RFR: 8317755: G1: Periodic GC interval should test for the last whole heap GC [v2]
Thomas Schatzl
tschatzl at openjdk.org
Wed Nov 8 13:51:03 UTC 2023
On Wed, 18 Oct 2023 14:27:26 GMT, Aleksey Shipilev <shade at openjdk.org> wrote:
>> See the description in the bug. Fortunately, we already track the last whole-heap GC. The new regression test verifies the behavior.
>>
>> Additional testing:
>> - [x] Linux x86_64 fastdebug `tier1 tier2 tier3`
>
> Aleksey Shipilev has updated the pull request with a new target base due to a merge or a rebase. The incremental webrev excludes the unrelated changes brought in by the merge/rebase. The pull request contains five additional commits since the last revision:
>
> - Merge branch 'master' into JDK-8317755-g1-periodic-whole
> - Optional flag
> - Merge branch 'master' into JDK-8317755-g1-periodic-whole
> - Keep the cast
> - Fix
Sorry for the late reply, I have been busy with getting the 423 JEP out the door :)
> _Mailing list message from [Kirk Pepperdine](mailto:kirk at kodewerk.com) on [hotspot-gc-dev](mailto:hotspot-gc-dev at mail.openjdk.org):_
>
> Don?t we have already have a GCInterval with a default value of Long.MAX_VALUE?
There is no such flag.
>When I hear the word idle I immediately start thinking, CPU idle.
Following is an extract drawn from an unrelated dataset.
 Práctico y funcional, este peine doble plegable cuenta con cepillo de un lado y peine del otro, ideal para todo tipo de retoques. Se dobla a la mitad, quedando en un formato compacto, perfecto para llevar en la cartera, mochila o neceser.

In this case however, I quickly shifted to memory idle which I think translates nicely into how idle are the allocators. Thus basing heap sizing ergonomics on allocation rates seems like a reasonable metric until you consider the edge cases. The most significant ?edge case? IME is when GC overheads start exceeding 20%. In those cases GC will throttle allocations and that in turn cases ergonomics to reduce sizes instead of increasing them (to reduce GC overhead). My conclusion from this is that ergonomics should consider both allocation rates and GC overhead when deciding on how to resize heap at the end of a collection.
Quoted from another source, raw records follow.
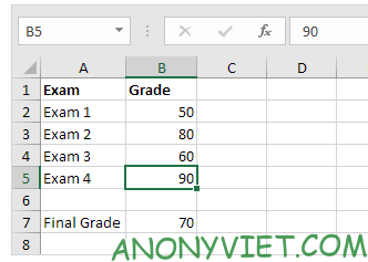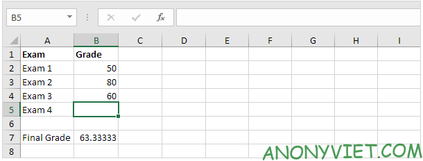 - Nhập công thức vào ô B7 để tính điểm cuối.
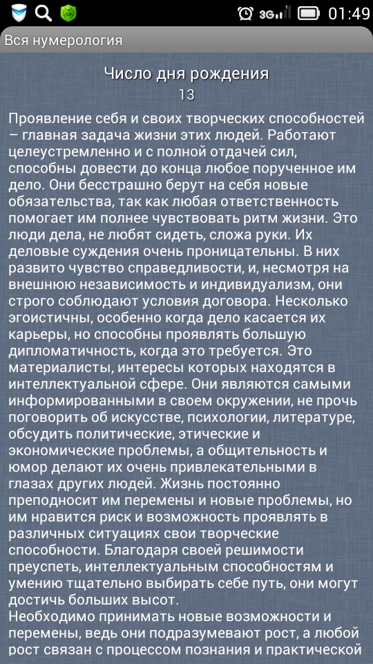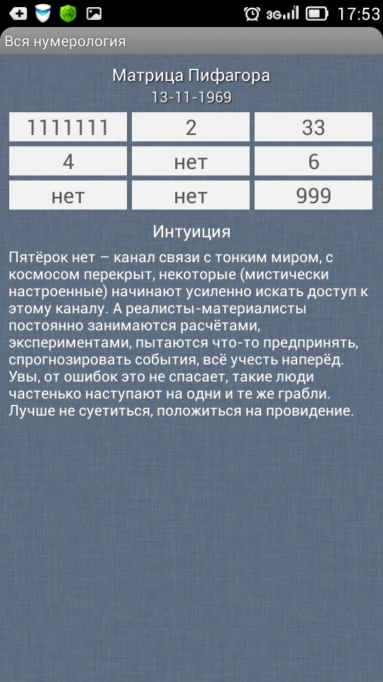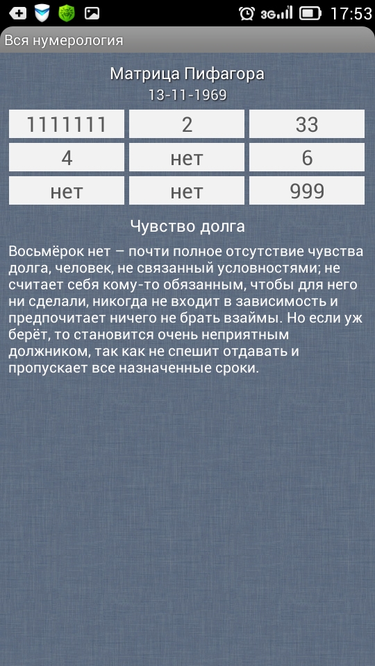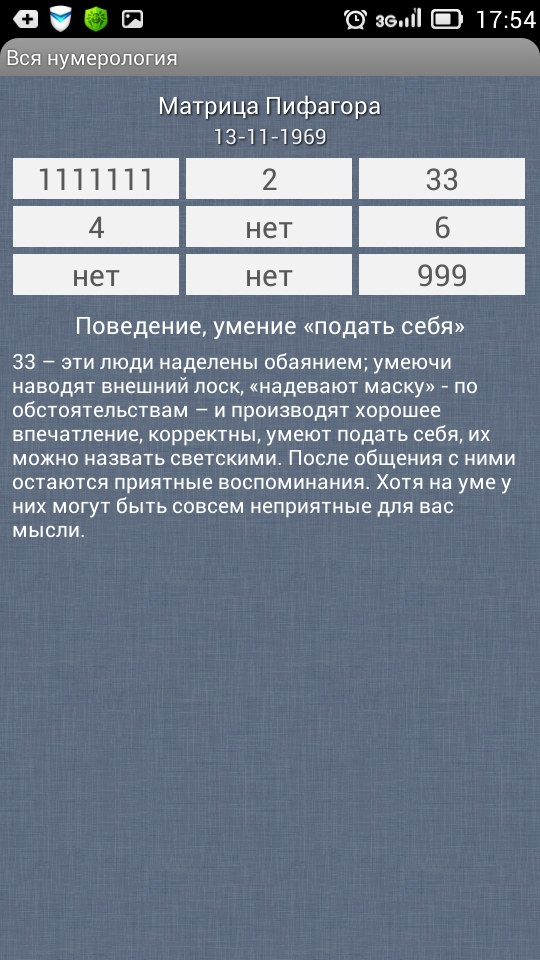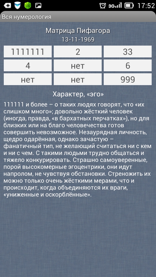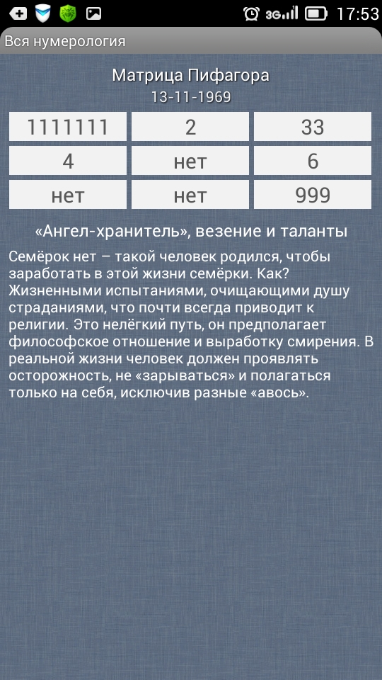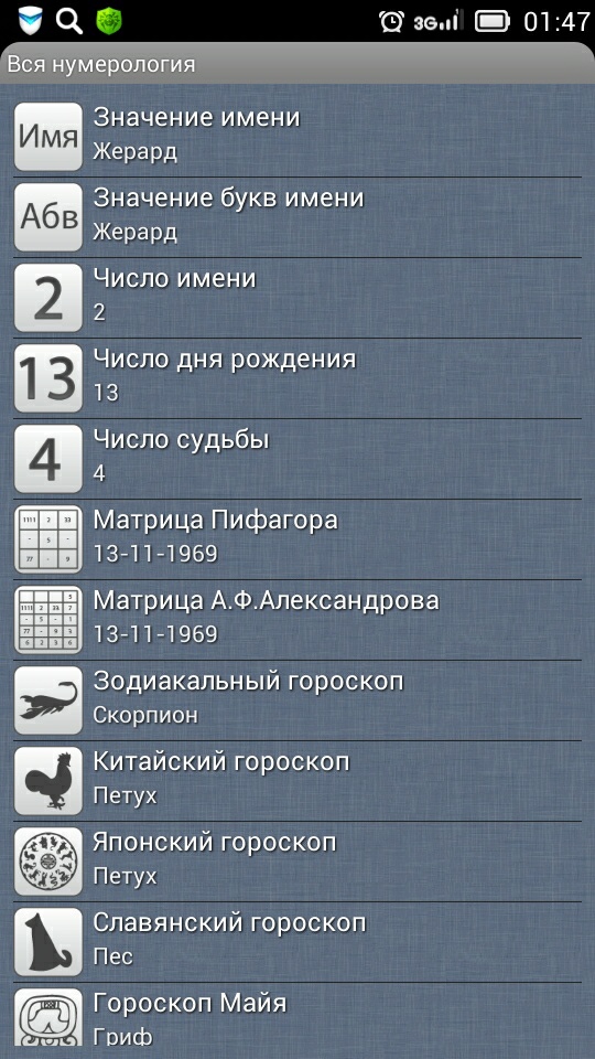 Девочки, я скачала себе приложение для смартфона "Вся нумерология" (вот об этой программе http://top-android.org/programs/5604-vsya-numerologiya/) ввела в нее данные о себе и своих родственниках (имя (кириллицей) и дату рождения) и все гороскопы и характеристики сошлись очень точно! (так что думаю эта программа дает верную информацию) :wink: Я ввела имя Жерард (так как английской G соответствует наша Ж, да и например имя Gerard по французски будет Жерар (тоже Ж), так что думаю не будет ошибкой написание Жерард) и его дату 13.11. 1969 г. вот что получилось, я сделала скрины. Мы с Roza84 подумали, что вы тоже должны это прочитать! :) ОЧЕНЬ ИНТЕРЕСНО! :D
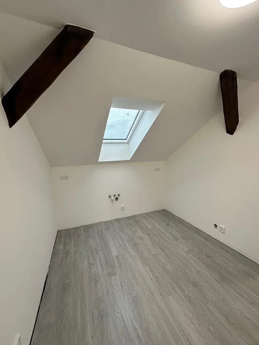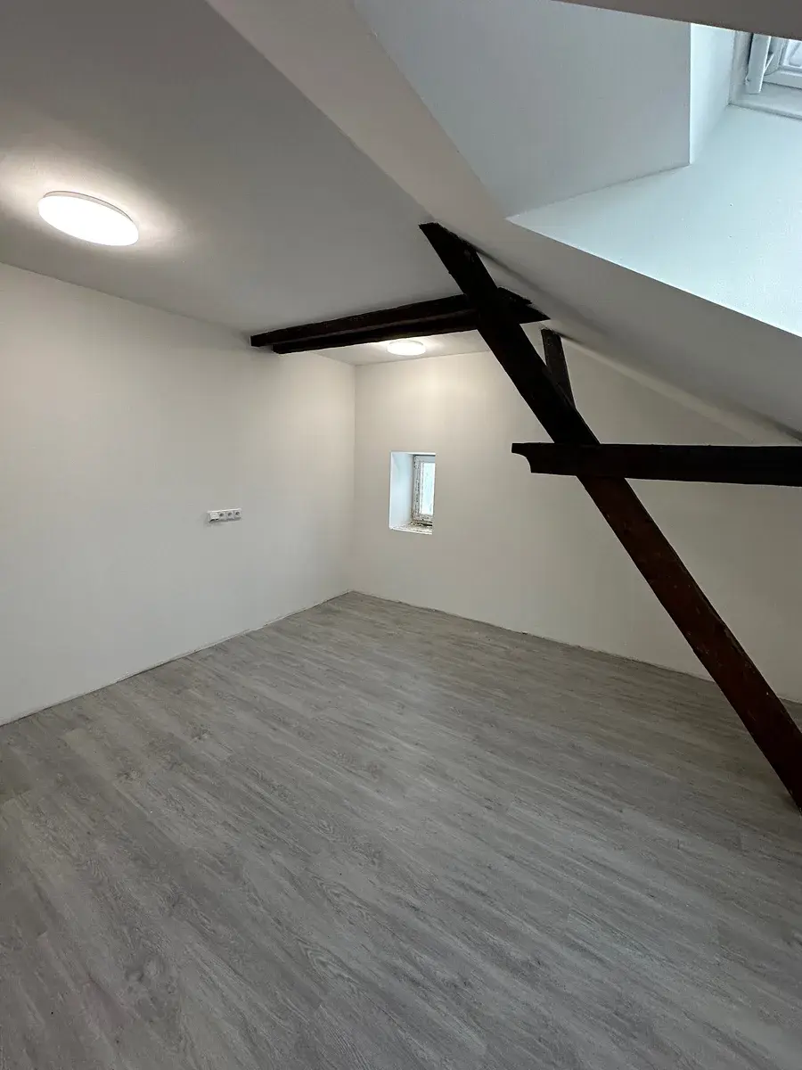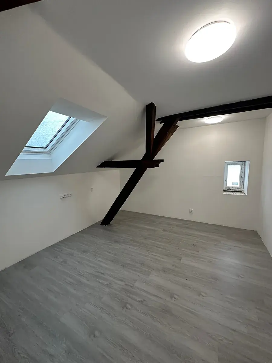 V bytě je příprava na kuchyňskou linku, v koupelně jsou přípojky na pračku a sušičku. V koupelně je instalován topný žebřík.

Allocation rate directly impacts GC overhead by causing more GCs.
> Fortunately there are a steady stream of GC events that create a convenient point in time to make an ergonomic adjustment. Not having allocations and as a result not having the collector run implies one has to manufacture a convenient point in time to make an ergonomic sizing decision.
See [JDK-8238687](https://bugs.openjdk.org/browse/JDK-8238687).
That CR and this proposed feature complement each other, GC should do something when there is no steady stream of gc events.
> [...]
> As for returning memory, two issues, there appears to be no definition for ?unused memory?. Secondly, what I can say after looking at 1000s of GC logs is that the amount of floating garbage that G1 leaves behind even after several concurrent cycles is not insignificant.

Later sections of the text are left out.